DATA TO EXAMINE Block Start
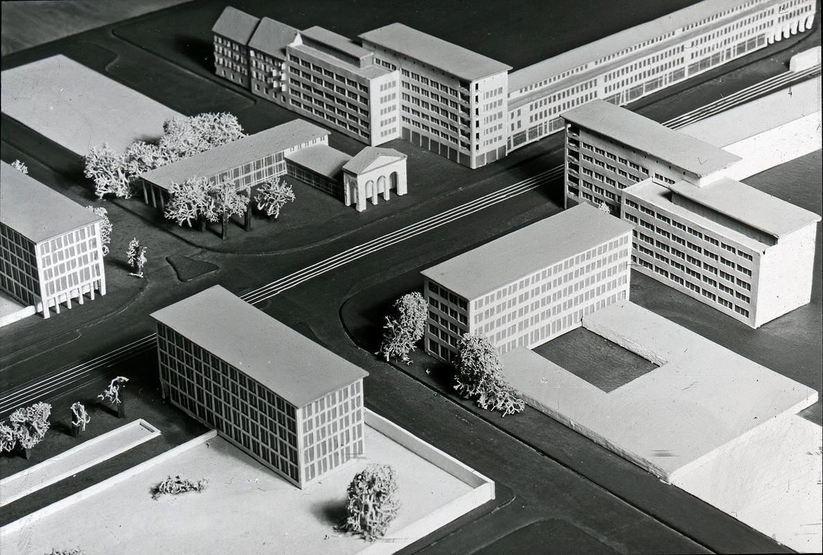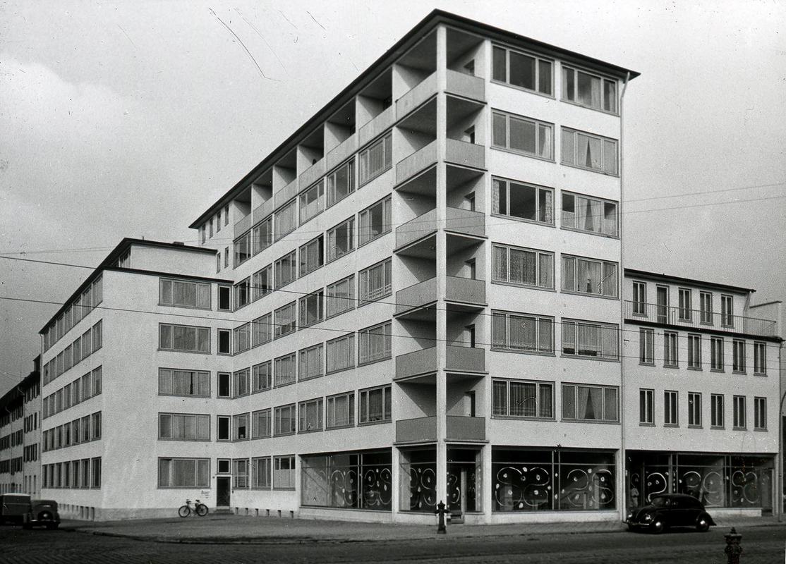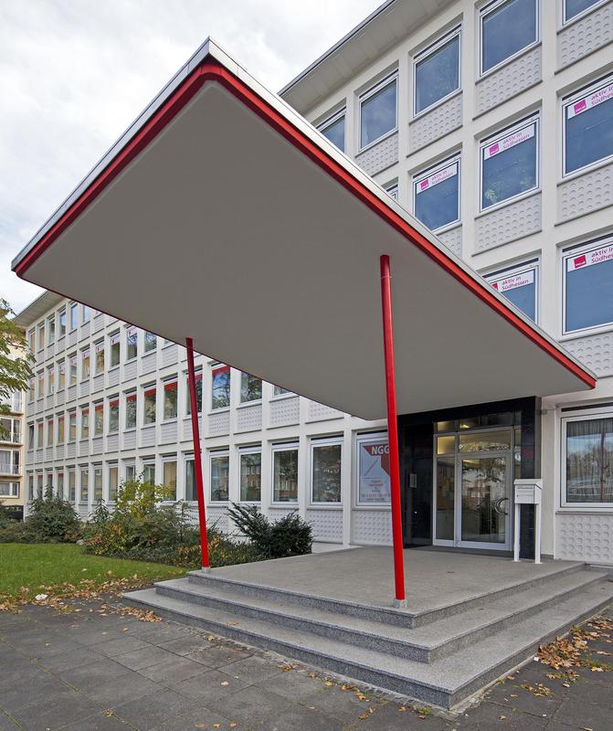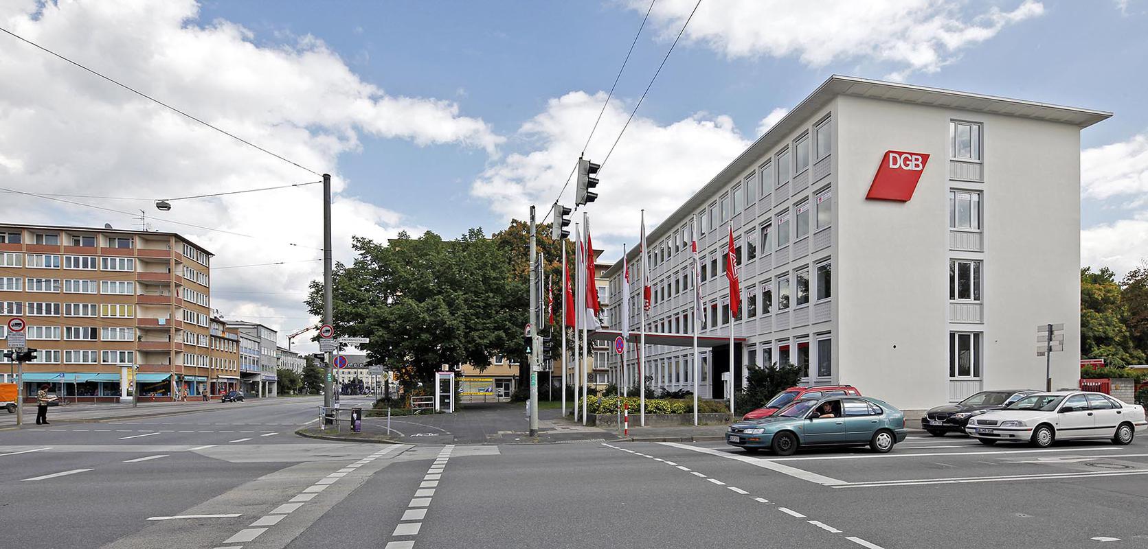 Die Gebäude selbst weisen alle regelmäßige Lochfassaden der 1950er Jahre Architektur auf. Typisches Kennzeichen dieser Architektur ist der mit einem Flugdach auf zwei dünnen Stahlstützen hervorgehobene asymmetrisch gelegene Haupteingang des Gewerkschaftshauses, erbaut 1952/53 nach Plänen von Karl Schäfer und Georg Heinrich Besier.
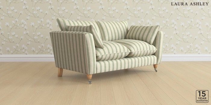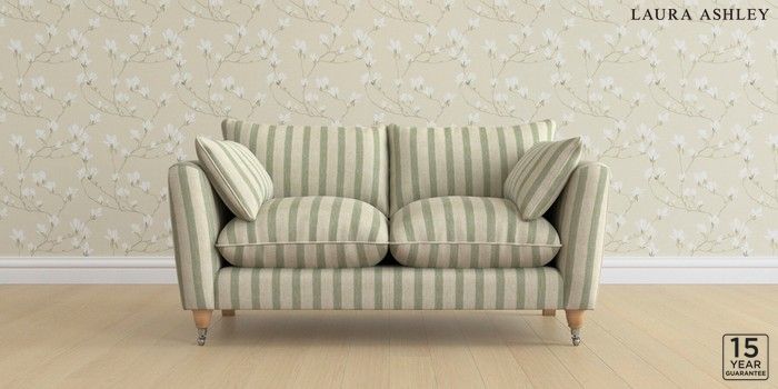 6.12.1 Buy Casterton by Laura Ashley 2 Seater Sofa Kinsham Stripe Hedgerow Green Low Chrome Castor - Light Oak from the Laura Ashley online shop Click here to use our website with more accessibility support, for example screen readers
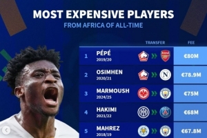 德轉(zhuǎn)列非洲球員歷史轉(zhuǎn)會(huì)費(fèi)榜:歐元
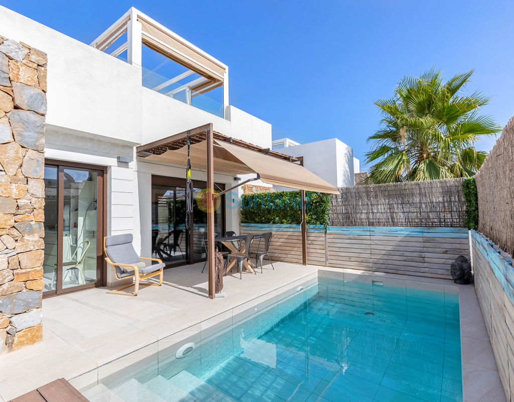 Villa moderne à Lomas de Cabo Roig, Orihuela Costa. La maison a été construite sur un seul étage et est située en coin. La propriété dispose d'un salon-salle à manger, d'une cuisine américaine, de 2 chambres et de 2 salles de bains (dont une en suite). Il dispose également d'une piscine privée, d'un jardin et d'un solarium privé de 35 m2. La villa est vendue partiellement meublée. Il est situé à proximité de tous les services tels que supermarchés et magasins. 15 minutes à pied de la plage de Campoamor.
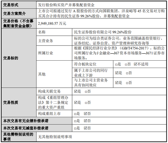 重组报告书披露,(1)本次交易上市公司拟发行股份购买民生证券99.26%股份,交易完成后,上市公司控股股东与标的公司将在期货业务方面新增同业竞争,标的公司及其子公司与上市公司及其子公司的原有业务将各自并行经营,按照相关监管要求需限期整合;(2)上市公司及其控股股东分别承诺,将进行资产和业务整合或采取其他合法方式,解决相关利益冲突、同业竞争问题,实现业务、资产等方面的有效整合,但仍存在整合不达预期的风险;(3)2021年8月起民生证券不再存在控股股东、实际控制人;(4)本次重组未设置减值补偿机制;(5)本次交易将募集不超过20亿元配套资金用于民生证券的业务发展,2024年3月末,扣除客户存款,上市公司、民生证券的账面货币资金分别为56.6亿元、44.9亿元。
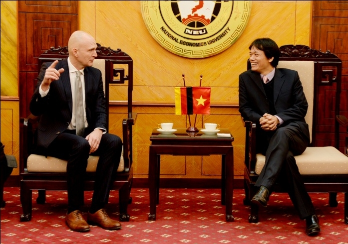 Ngày 25/1/2016, PGS.TS Phạm Hồng Chương – Phó Hiệu trưởng trường Đại học Kinh tế quốc dân (ĐH KTQD) đã có buổi tiếp và làm việc với đoàn cán bộ Viện Khoa học Khởi sự Doanh nghiệp và Chuyển giao công nghệ quốc tế (ZIFET), trường Đại học Tổng hợp Koblenz – Landan, Đức.
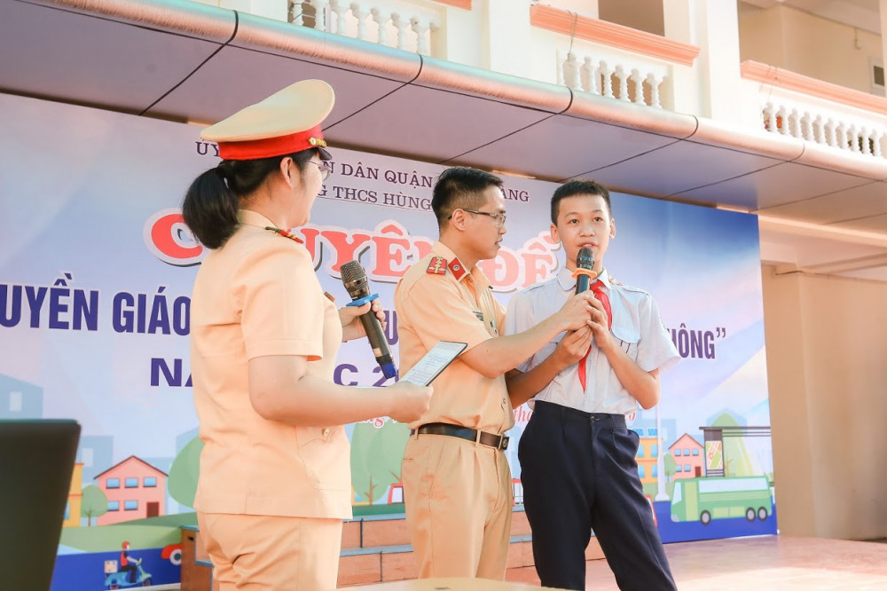 Tham gia buổi tuyên truyền, hơn 800 học sinh, giáo viên Trường Tiểu học Hùng Vương được các chiến sỹ thuộc Đội CSGT-TT Công an quận Hồng Bàng và Đội tuyên truyền Phòng PC08-CATP truyền tải các kiến thức về an toàn giao thông bằng phương pháp trực quan sinh động, lấy học sinh làm trung tâm. Qua phần giao lưu, trò chuyện, đặc biệt là các câu đố vui về chủ đề giao thông, các chiến sỹ CSGT đã lồng ghép nội dung tuyên truyền luật giao thông cho các em, tập trung vào những nguyên tắc đảm bảo an toàn khi đi bộ, đi xe đạp, xe mô tô; hướng dẫn các em đội mũ bảo hiểm đúng cách; nhắc nhở các em khi được bố mẹ đưa đi học bằng xe ô tô phải chú ý thắt dây an toàn…
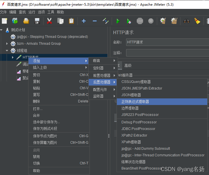 在HTTP请求中,右键-->添加-->后置处理器-->选择需要的关联方式(如下图有很多种方法可以提取动态变化数据)
DATA TO EXAMINE Block End
### WHAT YOU ARE ASKED TO DO
Take every entry and repeat it verbatim, minus the pictures.

### WRITTEN SOLUTION
 Die Gebäude selbst weisen alle regelmäßige Lochfassaden der 1950er Jahre Architektur auf. Typisches Kennzeichen dieser Architektur ist der mit einem Flugdach auf zwei dünnen Stahlstützen hervorgehobene asymmetrisch gelegene Haupteingang des Gewerkschaftshauses, erbaut 1952/53 nach Plänen von Karl Schäfer und Georg Heinrich Besier.
 6.12.1 Buy Casterton by Laura Ashley 2 Seater Sofa Kinsham Stripe Hedgerow Green Low Chrome Castor - Light Oak from the Laura Ashley online shop Click here to use our website with more accessibility support, for example screen readers
 德轉(zhuǎn)列非洲球員歷史轉(zhuǎn)會(huì)費(fèi)榜:歐元
 Villa moderne à Lomas de Cabo Roig, Orihuela Costa. La maison a été construite sur un seul étage et est située en coin. La propriété dispose d'un salon-salle à manger, d'une cuisine américaine, de 2 chambres et de 2 salles de bains (dont une en suite). Il dispose également d'une piscine privée, d'un jardin et d'un solarium privé de 35 m2. La villa est vendue partiellement meublée. Il est situé à proximité de tous les services tels que supermarchés et magasins. 15 minutes à pied de la plage de Campoamor.
 重组报告书披露,(1)本次交易上市公司拟发行股份购买民生证券99.26%股份,交易完成后,上市公司控股股东与标的公司将在期货业务方面新增同业竞争,标的公司及其子公司与上市公司及其子公司的原有业务将各自并行经营,按照相关监管要求需限期整合;(2)上市公司及其控股股东分别承诺,将进行资产和业务整合或采取其他合法方式,解决相关利益冲突、同业竞争问题,实现业务、资产等方面的有效整合,但仍存在整合不达预期的风险;(3)2021年8月起民生证券不再存在控股股东、实际控制人;(4)本次重组未设置减值补偿机制;(5)本次交易将募集不超过20亿元配套资金用于民生证券的业务发展,2024年3月末,扣除客户存款,上市公司、民生证券的账面货币资金分别为56.6亿元、44.9亿元。
 Ngày 25/1/2016, PGS.TS Phạm Hồng Chương – Phó Hiệu trưởng trường Đại học Kinh tế quốc dân (ĐH KTQD) đã có buổi tiếp và làm việc với đoàn cán bộ Viện Khoa học Khởi sự Doanh nghiệp và Chuyển giao công nghệ quốc tế (ZIFET), trường Đại học Tổng hợp Koblenz – Landan, Đức.
 Tham gia buổi tuyên truyền, hơn 800 học sinh, giáo viên Trường Tiểu học Hùng Vương được các chiến sỹ thuộc Đội CSGT-TT Công an quận Hồng Bàng và Đội tuyên truyền Phòng PC08-CATP truyền tải các kiến thức về an toàn giao thông bằng phương pháp trực quan sinh động, lấy học sinh làm trung tâm. Qua phần giao lưu, trò chuyện, đặc biệt là các câu đố vui về chủ đề giao thông, các chiến sỹ CSGT đã lồng ghép nội dung tuyên truyền luật giao thông cho các em, tập trung vào những nguyên tắc đảm bảo an toàn khi đi bộ, đi xe đạp, xe mô tô; hướng dẫn các em đội mũ bảo hiểm đúng cách; nhắc nhở các em khi được bố mẹ đưa đi học bằng xe ô tô phải chú ý thắt dây an toàn…
 在HTTP请求中,右键-->添加-->后置处理器-->选择需要的关联方式(如下图有很多种方法可以提取动态变化数据)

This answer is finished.